Pois é, penso que pior do que ter de pagar para fazer a ligação da rua para casa ou até do que já receber o custo do esgoto na conta, mesmo sem ligar, é não ter o serviço. Rede de esgotos é hoje uma necessidade fundamental, não se pode sequer pensar nas fossas como alternativa. E não é apenas conforto, mas exigência de saúde pública, um serviço que deveria atender toda a população. Infelizmente, vai demorar para se ter isto, rede de esgotos em 100% da cidade. Mas é sem dúvida a marca que as autoridades devem tentar atingir.

Apelo à Comurb
O dono de um carrinho de lanche, que tem ponto autorizado para venda pela Comurb só no período noturno, está querendo trabalhar também durante o dia. Acontece, segundo ele explicou, que o movimento caiu e que no período vespertino há boa possibilidade de conseguir boas vendas. Ademais, como destaca, na região em que trabalha não existe comércio que possa se considerar prejudicado por ele. Por outro lado, existem outros pontos em que os carrinhos ficam durante o dia e também à noite.
Ele fez o pedido regulamentar à Comurb e até agora não teve resposta. Ontem foi à autarquia e além de não conseguir resposta, foi atendido mal logo ao chegar. Foi até por isto que acabou vindo para cá, a fim de apresentar seu pedido que, assinala, é justo. O que ele quer é trabalhar, sem atrapalhar ninguém.

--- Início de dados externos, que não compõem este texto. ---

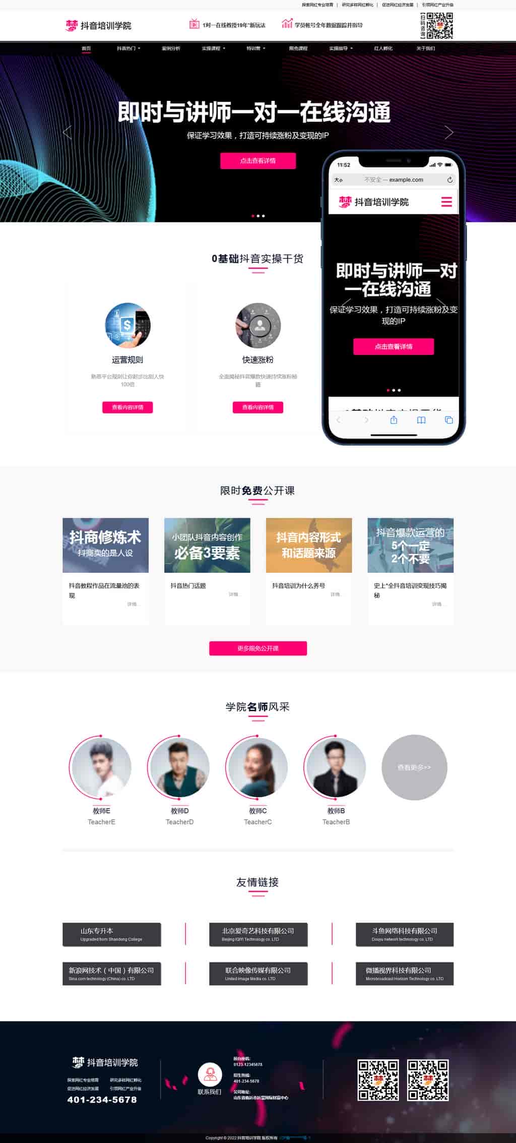 模板名称:(自适应手机端)响应式抖音红人培训小视频拍摄技巧培训机构pbootcms模板

Tenho certeza de que a Comurb vai analisar com cuidado a reivindicação apresentada. Afinal, a entidade tem mostrado sensibilidade em relação às dificuldades dos que precisam trabalhar, agora que o emprego está tão difícil. Este trabalho tem sido importante para muitos que de outro modo estariam desamparados.

Turcos agradecem ajuda
A impresa turca não poupa elogios à ajuda estrangeira enquanto critica as autoridades locais, que pediram a algumas equipes estrangeiras que partissem. Uma semana depois do terremoto, restam poucas esperanças de ainda encontrar pessoas com vida sob os escombros e muitos dos grupos estrangeiros de socorro partiram, deixando equipamentos médicos, principalmente franceses, israelenses e ucranianos. Um membro de um grupo norte-americano declarou pela televisão que ainda pode haver esperanças. ‘‘Já salvei pessoas após 10 dias soterradas e um de meus amigos retirou alguém vivo das ruínas depois de 14 dias’’, disse.
Os jornais não param de elogiar a ajuda estrangeira. O jornal islamita Zaman destacou: ‘‘O terremoto destruiu os tabus. Os turcos não são os únicos amigos dos turcos’’, afirmou, invertendo um provérbio. ‘‘Agradecimentos ao mundo inteiro’’, intitula o jornal nacionalista Hurriyet, que publica a lista de todos os países que enviaram ajuda. A televisão mostrou um grupo grego de socorro chorando de alegria depois de retirar uma criança com vida dos escombros.
Segundo diversas estimativas dos meios de comunicação, já que não existem estatísticas oficiais, há entre 200 mil e um milhão de pessoas desabrigadas. O mesmo acontece com o número de pessoas ainda soterradas sob os edifícios desabados.